Сезон медуз - страница 14
– Верно, что вы даже забросили работу, которой были увлечены?
– Вовсе нет. Я её отложила, чтобы всё написанное сверить с жизнью, найти родство чувств литературных героев с моими…
Доверившись девушке, Курбов шёл рядом с нею, не интересуясь избранным ею маршрутом. Теперь он посмотрел по сторонам – они шли мимо двухэтажного особняка, вход в который стерегли пушки старых времён.
– Это наш музей, – сказала Надя. – Впрочем, что это я! За полгода наш городок можно сто раз осмотреть.
– Нет, – возразил он. – Я здесь ещё не был. Но не в этом дело. Не могли бы рассказать, о чём ваша монография?
– Тема, действительно, интересная – творчество современных писателей Латинской Америки.
– Ого! Действительно, есть над чем поразмышлять, есть что открывать. Я давно уже не читал ничего лучше, чем «Сто лет одиночества». У нас вроде бы и другие книги Маркеса переводили?
– Да. «Полковнику никто не пишет», «Похороны Великой Мамы», «Недобрый час». В чём-то перекликается со «Сто лет одиночества» роман «Осень патриарха». Если хотите, дам почитать.
– На испанском?
– Есть и на испанском.
– Жаль, что я не знаю этот язык.
– Его нетрудно освоить.
– Поздновато, наверное. Хотя, насколько знаю, он выразительный, красивый, темпераментный.
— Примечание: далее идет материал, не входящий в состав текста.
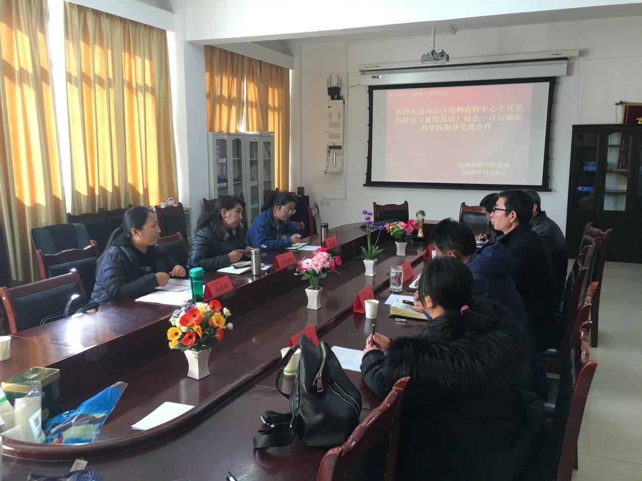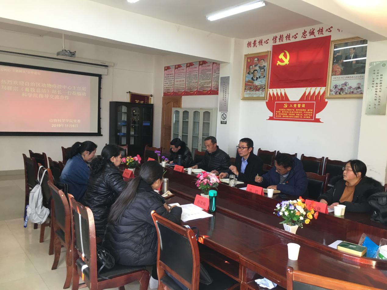 座谈会上,首先苗书记代表动物科学学院党委热烈欢迎(畜牧总站)尼玛群宗站长一行莅临指导交流工作,苗书记详细介绍了西藏农牧学院动物科学学院教师队伍、学科设置、学生培养、科学研究及教学工作,畅谈了对两家单位深度合作的一些想法建议,并感谢畜牧总站长期以来对动科学院工作的支持。会上,刘锁珠副院长谈到10月下旬与西藏自治区动物疫控中心“西藏农牧学院教学科研就业见习基地”的揭牌仪式,标志着两家单位全面深化务实合作、共同破解全区畜牧兽医发展难题、联合培养畜牧兽医专业人才工作的全面启动。两家的合作无论从实验室条件还是实习基地,都有利于双方更好的开展工作。此次合作,更加结合双方工作,做到资源共享,既锻炼了学生,又减轻了对方负担。尼玛群宗站长就西藏自治区动物疫病预防控制中心(畜牧总站)业务职能与西藏农牧学院学科设置进行分析,指出西藏农牧学院教学科研与西藏自治区动物疫病预防控制中心(畜牧总站)科研、技术推广工作的高度契合性,针对动物科学学院安排优秀本科生、研究生到疫控中心实践锻炼和鼓励西藏自治区动物疫控中心专业技术人员赴西藏农牧学院深造学习方面等方面提出了一些想法和建议;尼玛群宗主任(站长)就人才共同培养、科研项目联合申报等与动科学院各领导进行了交流。

Скажите что-нибудь по-испански…
– Nada у pues nada, у nada, у pues nada.[1]
– Переведите.
– Не стоит. Я ведь всё о том же.
– Наденька… – Голос у Андрея Владимировича неожиданно сорвался. Но он тут же поправился. – Надина. Пожалуйста, не торопите события. Мне, например, нужно время, чтобы привыкнуть к тому, что вы, красивая, умная и странная девушка, почему-то… заинтересовались моей персоной. И вам надо посмотреть на меня более критическим взглядом, чтобы увидеть, как я… далёк от идеала, которому вы придали мою внешность. Возьмите в толк и то, что я не свободен. У меня есть жена. Женщина, которую я… уважаю, которой я… многим обязан. Которая не оставила меня в беде… в болезни… Что с вами? – всполошился он, потому что девушка вдруг остановилась и ухватилась за его руку.
– Ничего. – Она устыдилась своего порыва и руку, которой ухватилась за него, убрала за спину. – Nada. Y pues nada[1]. Я ведь вам говорила, что у меня было много осведомителей. Так вот. От них я узнала, что ни вы её, ни она вас… Вы уже не любите друг друга. Да и раньше она вас не особенно любила, во всяком случае не так, как я. И я теперь соберусь и пойду к ней, расскажу всё, как есть.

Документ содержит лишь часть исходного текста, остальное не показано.